If you use G Suite  — Google’s paid application set that includes Gmail, Docs, Drive, and Calendar for organizations — then you can employ a little-known feature that lets you set expiration dates for shared Google Drive files. The ability to set an expiration on a shared file is useful for temporarily sharing data with other teams or outside contractors without granting them indefinite access. It’s also great for sharing drafts of collaborative projects, so that you can ensure that no one on your team inadvertently accesses an out-of-date copy of your data.
You can always manually unshare a file, of course, but you would need to remember to do so for each and every shared file. If you’re sharing lots of files with lots of different people, this can quickly become impractical, and that’s where setting automatic expiration dates as you initially share the files really comes in handy. So here’s how to set expiration dates on shared Google Drive files.
Limitations of Expiration Dates for Shared Google Drive Files
First, let’s make clear that the automatic expiration date feature is currently only available for users of the paid G Suite service. This isn’t available for free Google account users or those still on the legacy free edition of G Suite .
Also note that the above limitation relates only to the ability to set shared Google Drive expiration dates. The users to whom you’re sharing a file with an expiration date do not need to have a paid G Suite account or be part of your G Suite organization (although you will need to make sure they have the correct permissions for your shared files, discussed further below).
Setting an Expiration Date for a Shared Google Drive File
To get started, log into your Google Drive , making sure to use the correct G Suite account.
Once you’re logged in, locate the file you wish to share and right-click (or Control-click for Mac users) on the file. Select Share from the menu that appears.
Alternatively, if you already have the file open, you can click the Share button in the upper-right corner.
With either method, a new Share with others window will appear. If the document is already shared without an expiration date with an existing contact, click the Shared with… text below the entry box. If you need to share the document for the first time, enter the contact name or email address of the desired users, making sure that their permissions are set to Edit or lower (you can’t set an expiration for users who are designated with Owner-level permissions).

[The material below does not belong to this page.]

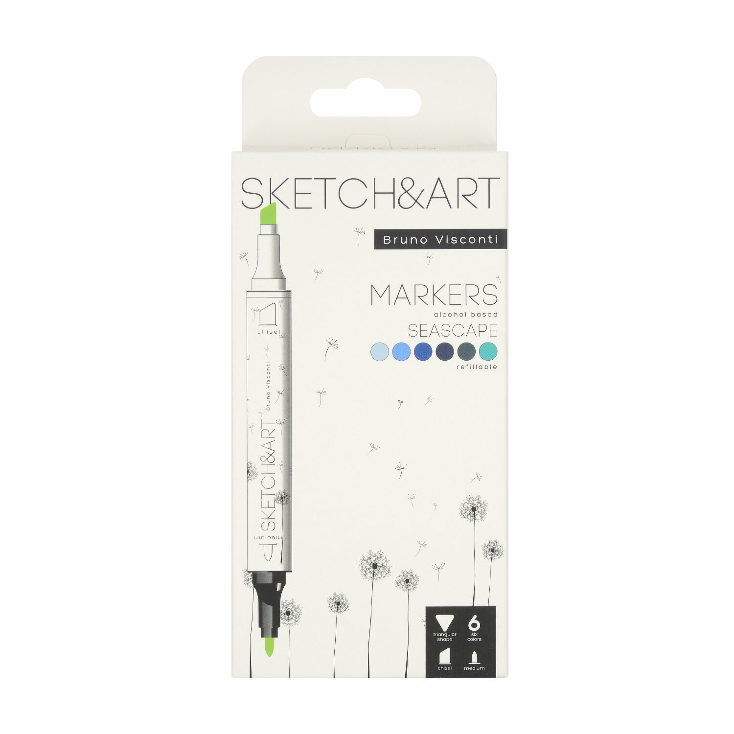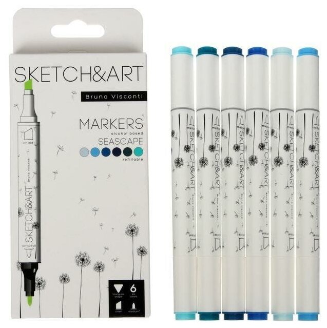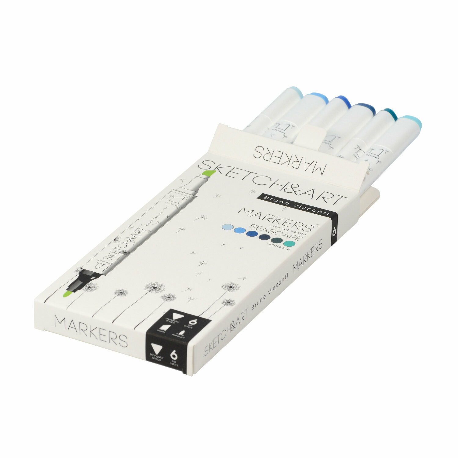 Купить Маркеры для скетчинга / фломастеры двухсторонние набор 6 цветов спиртовые для рисования граффити Bruno Visconti "SKETCH&ART. Seascape" арт.22-0081/10

Once you have the file shared with the appropriate users, click the Shared with text above or the Advanced button in the lower-right corner. From the list of users that appears, hover your cursor over one of the users and you’ll see a stopwatch/clock icon appear.

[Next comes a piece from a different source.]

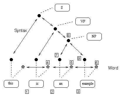 In a simple examples such as this, it is possible to imagine a situation where the word relation is defined to be a traversal of the terminal nodes in the syntax relation. However, in the general case, more complex intersecting relations are often required and such simple approaches will fail.

Click that icon and then select the desired expiration period from the drop-down menu next to Access expires:
There are default options of 7 and 30 days, but you can select Custom Date to enter any expiration date you wish. The only caveat is that there is no ability to set a specific expiration time. The file will always expire at the time it is shared on the designated date.
Once you’re done, be sure to click the blue Save changes button to enable the automatic expiration date. Once that date is reached, your user will no longer have access to the file. To prevent them from downloading it and circumventing your expiration settings, make sure that their permissions are set to either View or Comment and then check the box at the bottom of the sharing window labeled Disable options to download, print, and copy for commenters and viewers.
You can adjust or cancel the sharing expiration by returning to this menu, clicking the clock icon again, and then click Cancel expiration.
I Have G Suite But I Don’t See the Clock Icon
If you followed these steps on your account but you’re not seeing the clock/stopwatch icon as described above, then it’s likely that you don’t have a compatible G Suite account. As mentioned previously, Google unfortunately limits the creation of shared file expiration dates to users of the current G Suite service.
Also unfortunately, Google hasn’t been very clear about the changes to its service over the years, so even if you have a G Suite account, it may have been created under Google’s “legacy” G Suite service and isn’t compatible with this feature. Confusing, isn’t it?
But remember, you only need a modern G Suite account to create expiration dates for shared files. As long as you have that compatible account, you can share with and configure expiration dates for any type of Google account, both inside and outside of your organization.